The Vortex script can be downloaded here DrugName2SMILEScir.vpy

ChemSpider

ChemSpider is a free chemical structure database providing fast access to over 58 million structures, properties, and associated information. There are also a series of web services that provide access to the data.

The ChemSpider webservices are a powerful suite of tools that provide access to many of the commonly used features of ChemSpider through Application Programming Interfaces (APIs). The webservices make it possible to enrich your Apps, your website, your in-house data systems and data workflow tools.

To access this web service you will need to register and obtain a security token. Registration does also give you access to a wide range of web services covering structure and spectra searching, and generic conversion between chemical file formats.

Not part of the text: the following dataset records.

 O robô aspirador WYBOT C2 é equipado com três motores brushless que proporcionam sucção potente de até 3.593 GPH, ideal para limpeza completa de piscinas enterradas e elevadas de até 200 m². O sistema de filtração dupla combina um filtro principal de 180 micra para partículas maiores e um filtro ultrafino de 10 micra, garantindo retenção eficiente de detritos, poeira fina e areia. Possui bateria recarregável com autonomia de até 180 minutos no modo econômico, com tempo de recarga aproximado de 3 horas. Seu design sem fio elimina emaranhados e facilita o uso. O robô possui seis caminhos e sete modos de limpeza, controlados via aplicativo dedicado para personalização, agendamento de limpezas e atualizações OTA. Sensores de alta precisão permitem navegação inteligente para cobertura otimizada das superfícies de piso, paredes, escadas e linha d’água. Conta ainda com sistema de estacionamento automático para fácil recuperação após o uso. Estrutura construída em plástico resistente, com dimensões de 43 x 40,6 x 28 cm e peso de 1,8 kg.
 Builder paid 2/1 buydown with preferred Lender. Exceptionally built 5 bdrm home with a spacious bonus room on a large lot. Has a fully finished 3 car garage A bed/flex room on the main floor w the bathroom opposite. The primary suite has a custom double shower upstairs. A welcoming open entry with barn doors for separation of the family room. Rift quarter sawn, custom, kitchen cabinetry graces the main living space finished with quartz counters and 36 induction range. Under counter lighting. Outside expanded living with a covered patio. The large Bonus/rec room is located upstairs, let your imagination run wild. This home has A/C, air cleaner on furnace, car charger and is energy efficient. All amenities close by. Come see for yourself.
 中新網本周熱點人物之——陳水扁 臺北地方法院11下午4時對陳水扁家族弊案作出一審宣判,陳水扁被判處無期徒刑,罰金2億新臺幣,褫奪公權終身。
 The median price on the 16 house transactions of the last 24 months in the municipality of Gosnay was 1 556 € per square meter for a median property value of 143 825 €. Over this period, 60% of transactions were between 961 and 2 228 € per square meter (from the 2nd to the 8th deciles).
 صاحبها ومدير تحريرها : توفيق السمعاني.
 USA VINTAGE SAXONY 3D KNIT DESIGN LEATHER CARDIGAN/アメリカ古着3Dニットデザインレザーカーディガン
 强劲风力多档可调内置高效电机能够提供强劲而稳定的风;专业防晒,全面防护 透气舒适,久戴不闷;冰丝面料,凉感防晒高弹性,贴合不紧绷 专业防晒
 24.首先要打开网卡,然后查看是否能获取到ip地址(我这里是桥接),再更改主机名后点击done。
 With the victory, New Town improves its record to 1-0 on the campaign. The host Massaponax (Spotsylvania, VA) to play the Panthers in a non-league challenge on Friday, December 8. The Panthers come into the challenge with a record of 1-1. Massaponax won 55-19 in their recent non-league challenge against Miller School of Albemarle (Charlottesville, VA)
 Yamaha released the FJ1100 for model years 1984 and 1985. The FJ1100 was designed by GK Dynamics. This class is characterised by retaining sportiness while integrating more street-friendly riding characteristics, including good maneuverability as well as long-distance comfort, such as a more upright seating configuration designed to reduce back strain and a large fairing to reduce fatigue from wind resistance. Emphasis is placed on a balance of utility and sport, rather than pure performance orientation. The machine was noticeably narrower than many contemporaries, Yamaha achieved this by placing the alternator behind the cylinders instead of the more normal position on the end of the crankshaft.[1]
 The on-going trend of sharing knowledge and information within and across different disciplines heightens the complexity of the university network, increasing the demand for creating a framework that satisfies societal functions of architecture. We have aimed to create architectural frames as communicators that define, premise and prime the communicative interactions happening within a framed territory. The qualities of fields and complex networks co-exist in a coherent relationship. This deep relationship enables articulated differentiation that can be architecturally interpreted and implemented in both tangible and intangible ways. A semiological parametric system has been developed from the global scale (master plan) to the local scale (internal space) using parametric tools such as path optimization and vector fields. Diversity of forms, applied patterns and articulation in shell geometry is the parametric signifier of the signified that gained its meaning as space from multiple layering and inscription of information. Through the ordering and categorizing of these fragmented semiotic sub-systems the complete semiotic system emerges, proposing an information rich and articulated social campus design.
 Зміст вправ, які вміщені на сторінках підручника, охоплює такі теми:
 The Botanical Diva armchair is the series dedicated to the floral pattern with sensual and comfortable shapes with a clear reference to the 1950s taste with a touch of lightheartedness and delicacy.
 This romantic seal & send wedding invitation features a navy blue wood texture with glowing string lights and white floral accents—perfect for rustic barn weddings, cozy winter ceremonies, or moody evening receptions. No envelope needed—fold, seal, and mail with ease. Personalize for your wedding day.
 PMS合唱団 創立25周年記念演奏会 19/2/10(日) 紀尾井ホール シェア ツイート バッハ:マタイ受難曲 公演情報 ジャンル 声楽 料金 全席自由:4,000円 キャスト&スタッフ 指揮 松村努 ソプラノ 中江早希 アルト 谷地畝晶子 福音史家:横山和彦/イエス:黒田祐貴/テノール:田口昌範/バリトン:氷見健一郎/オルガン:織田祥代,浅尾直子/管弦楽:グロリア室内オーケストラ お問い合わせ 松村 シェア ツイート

If you are a Python user you should also look at ChemSciPy. If you use PIP then installation is straightforward.

pip install chemspipy

For many tasks that you might want to perform on ChemSpider (searches etc), there is no need to have a ChemSpider User account. However, if you want to save Results sets, Curate records, add Data or use certain Web services, then you will need to have a ChemSpider account linked to an RSC ID.

You will need to edit the downloaded script to enter your security token.

The Vortex Script

# Python imports
import httplib
import urllib2
import urllib
from xml.etree import ElementTree as etree

# Vortex imports
import com.dotmatics.vortex.util.Util as Util
import com.dotmatics.vortex.mol2img.jni.genImage as genImage
import com.dotmatics.vortex.mol2img.Mol2Img as mol2Img
import jarray
import binascii
import string
import os
import sys

input_label = swing.JLabel("Name column (for input)")
input_cb = workspace.getColumnComboBox()
panel = swing.JPanel()

layout.fill(panel, input_label, 0, 0)
layout.fill(panel, input_cb,    1, 0)

ret = vortex.showInDialog(panel, "Choose Drug Name Column column")

# You need to replace with your security token
token = 'Your Security Token'

if ret == vortex.OK:
    input_idx = input_cb.getSelectedIndex()

    if input_idx == 0:
        vortex.alert("you must choose a column")
    else:
        col = vtable.getColumn(input_idx - 1)

        colsmi = vtable.findColumnWithName('SMILES', 1)
        colcsid = vtable.findColumnWithName('CSID', 1)

        rows = vtable.getRealRowCount()
        fails = []
        for r in range(0, int(rows)):
            drugName = col.getValueAsString(r)



            encoded_name = urllib.quote(drugName)
            mystr = "http://www.chemspider.com/Search.asmx/SimpleSearch?query=%s&token=%s" % (encoded_name, token)
            try:
                myreturn = urllib2.urlopen(mystr).read()
                tree = etree.fromstring(myreturn)
                csid_el = tree.find('{http://www.chemspider.com/}int')
                if csid_el is None:
                    continue
                colcsid.setValueFromString(r, csid_el.text)
                info_url = "http://www.chemspider.com/Search.asmx/GetCompoundInfo?CSID=%s&token=%s" % (csid_el.text, token)
                info_response = urllib2.urlopen(info_url)
                tree = etree.parse(info_response)
                smiles = tree.getroot().find('{http://www.chemspider.com/}SMILES').text
                #colsmi = vtable.findColumnWithName('SMILES', 1)
                colsmi.setValueFromString(r, smiles)
            except urllib2.HTTPError:
                #fails.append(drugName)
                continue
            except urllib2.URLError:
            #fails.append(drugName)
                continue
            except httplib.HTTPException:
                #fails.append(drugName)
                continue

vtable.fireTableStructureChanged()

The Vortex script can be downloaded here DrugName2SMILESchemspider.vpy

Comparison of scripts

As you can see from the table below, OPSIN was by far the fastest. OPSIN ran through the workspace of nearly 14,000 structures in 5 seconds, however there were just over 1,500 names for which structures could not be assigned. ChemSpider identified the majority of structures from the names but was considerably slower. The chemical Identifier resolver left just under 1000 structures unresolved and was the slowest of the three methods. It should be noted however the performance of the web services will be dependent on network traffic and the load on the web server.

OPSIN
CIR
Chemspider
Time
5 sec
4h 30min
1h 50min
Unresolved
1571
939
161


I found that depending on the time of day sometimes the web servers stopped responding on long runs, if you are going to be looking up more than a few thousand names I'd recommend that you split it into chunks to avoid overloading the web server.

Change

for r in range(0, int(rows)):

to

for r in range(0, 4000):

then

for r in range(4000, 8000):

etc.


It is important to note that OPSIN converts the chemical name to a structure, whilst CIR and ChemSpider are lookup services. So whilst OPSIN will be able to convert the chemical names of any novel molecules to structures, the look up services will only be able to provide structures that exist in the database. However the databases will also contain synonyms, trivial names and trade names that could be used to identify a molecule, OPSIN was not designed to use these as input.

Page Updated 12 January 2016